Dark Debt

John Allspaw
8 min readNov 27, 2017

This is an excerpt from the Stella Report, which is the result of the first project “Coping With Complexity” performed by the Resilience Engineering In Business-Critical Software Consortium (“SNAFUcatchers”). A video introduction to the report and the consortium is here.

Dark debt was named that to draw a parallel with dark matter. Dark matter has detectable effects on the world but cannot be seen or detected directly. Matter that can be seen and measured directly accounts for only about 15% of the mass of the universe; the remaining 85% is dark matter.

Contrasted with technical debt, the dark debt metaphor:

  • arises from unforeseen interdependencies,
  • is invisible until revealed by anomalies,
  • is a product of creeping complexity,
  • cannot be seen by looking at pieces, and
  • for which specific countermeasures are too narrow.
  • SNAFUs that cascade to failure arise from dark debt (not technical debt)

(below begins the excerpt from the Stella Report, pg. 24)

4.6 Dark Debt

There was a wide-ranging discussion regarding decisions during development and the liabilities they introduce. In addition to ‘technical debt’ another sort of liability, dark debt, was suggested. This section reviews technical debt and proposes the notion of dark debt.

4.6.1 Technical debt

Origins of the debt metaphor:

In a 1992 “Experience Report”, Cunningham suggested that software development may incur future liability in order to achieve short-term goals in this oft-quoted portion of an object-oriented programming conference proceedings paper:

“Shipping first-time code is like going into debt. A little debt speeds development so long as it is paid back promptly with a rewrite. Objects make the cost of this transaction tolerable. The danger occurs when the debt is not repaid. Every minute spent on not-quite-right code counts as interest on that debt. Entire engineering organizations can be brought to a stand-still under the debt load of an unconsolidated implementation, object-oriented or otherwise." Cunningham, 1992

The choice of 'debt' as the metaphorical foundation was, according to Cunningham, prompted partly because the system being developed, WyCash, was for use by institutional investors who understood debt as a technical management tool -- one part of their portfolio of regular methods of work.*

The paper in which this suggestion appears was not about debt per se but about the way that object- oriented programming was changing the way in which big systems were developed:

"...changing market demands often require massive revisions which we have been able to accommodate because of the modularity intrinsic in a totally object-oriented implementation. Our customers value our responsiveness as much as, if not more than, our product’s fit to their current needs... Mature sections of the program have been revised or rewritten many times..."

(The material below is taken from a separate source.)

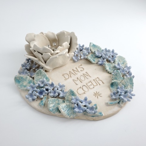 Les céramiques florales sont réalisées en grès et cuites à 1200°. Résistantes au gel, elles peuvent rester à l'extérieur toute l'année. Dans les lieux publiques, elles peuvent être scellées avec du mastic-colle pour tuiles.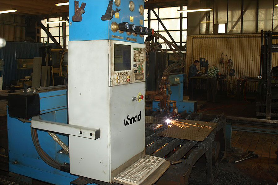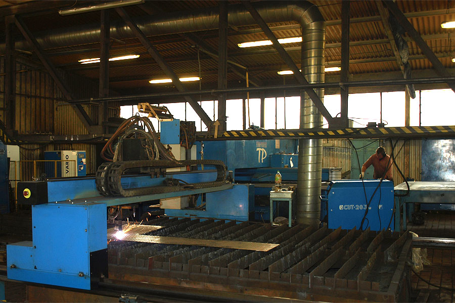 - Wypalarka plazmowo-tlenowa - umożliwia wypalanie elementów z blach o grubości od 3 do 40 mm plazma, do 200 mm cięcie tlenem.

"...key implementation ideas were slow to emerge [during] development... [a] category of objects only surfaced through a process we could call Incremental Design Repair. We found these highly leveraged abstractions only because we were willing to reconsider architectural decisions in the light of recent experience. ...[P]ure object oriented programming... allowed us to include architectural revisions in the production program that would be judged too dangerous for inclusion under any other circumstance." [emphasis added]

This was a time of change, a decade prior to the "Manifesto for Agile Software Development". The waterfall development cycle was firmly entrenched and object-oriented programming still novel.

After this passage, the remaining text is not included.